Thursday, April 30, 2009

college

At the end of junior year, I've been thinking all the time about college. It's like it has become its own, all-consuming subject. I just haven't, er, reconciled myself with college. I'm almost out, but I've never felt like I found a place there like most people do. The closest I've gotten is poetry classes, Tuesdays and Thursdays in the Hoffman Room, where I felt really enthusiastic and like I wanted to be there. I've never gotten involved in college social life or joined extra activities. I remain feeling disconnected from most people my age, like we just can't relate to each other. I'm on friendlier terms with my professors than my fellow students.

I also feel kind of pathetic that I'm almost 21 and have never lived on my own. Most people in college get some experience living independently out of their parents' house, in a dorm or renting an apartment or a house with friends. I never did. Not because I was afraid or didn't want to - I just can't afford it. A lot of college kids are only able to get a bit of independence because their parents pay for their dorm or apartment, or help them pay for it. My parents weren't willing to pay for anything like that or help at all - they think that if I want to be independent, I have to do it all the way, be completely self-sufficient and pay all my own bills. So if I want to move out, I need at least a full-time job. I've never been willing to work full-time during school (not like there are many jobs who would hire college students full-time), so I can't afford independence, which is this constant thing that makes me feel too childish for my age for not having moved out yet.

Also there's still this residual haunting of I Didn't Go to Wheaton. I don't wish I had gone. Mostly because, if I'd gone to Wheaton, I wouldn't have met Taylor. Also I wouldn't know any of the excellent English professors at URI. But it's still there anyway. When I made that choice, I was kind of curious. You always hear stories like this: someone has a choice between the safe decision and the risky decision... and they always, always take the risk. In spite of how it will set them back enormous amounts of money, separate them from everything familiar, etc. I was curious about what would happen to someone who just didn't take the risk. Now I know - good, even amazing things still happen, I won't graduate in debt, but. But I still have that agonizing feeling of waiting for my life to start.

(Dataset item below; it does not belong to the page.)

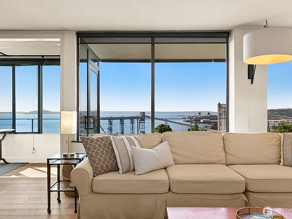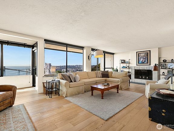 Connect to the soul of Seattle in this sophisticated 10th floor, pied-a-terre at Harbor House – a fantastic concrete & steel building on the south slope of QA. Enjoy panoramic views - sunsets over the Olympics, sparkling Elliott Bay w/ferries, sailboats & all manner of marine craft. Connect to Community, Culture, Fandom & Nature – moments to local restaurants & shops, the Opera, PNB & Seattle Center, multiple sports venues, local parks & the Waterfront. Loft-like & airy, a recent reno opened the 2nd BR to create a fabulous great room feel. Custom Murphy Bed/library/media center provides guest & entertainment space. Primary bedroom w/ ensuite bath. Front row, view den makes work from home a delight. 2 parking spaces, A/C, WalkScore 84.

I've been unhappy. Not deeply depressed or anything, and not all the time. Sometimes I'm deliriously happy. But there's always this thing that creeps in, this lethargy, like laziness but a bone-deep kind of laziness that makes you think your life will never go anywhere. Is it because the fear has gotten in that deep? Or maybe it's just the effect of three years of not doing anything risky or challenging or... what. Don't know.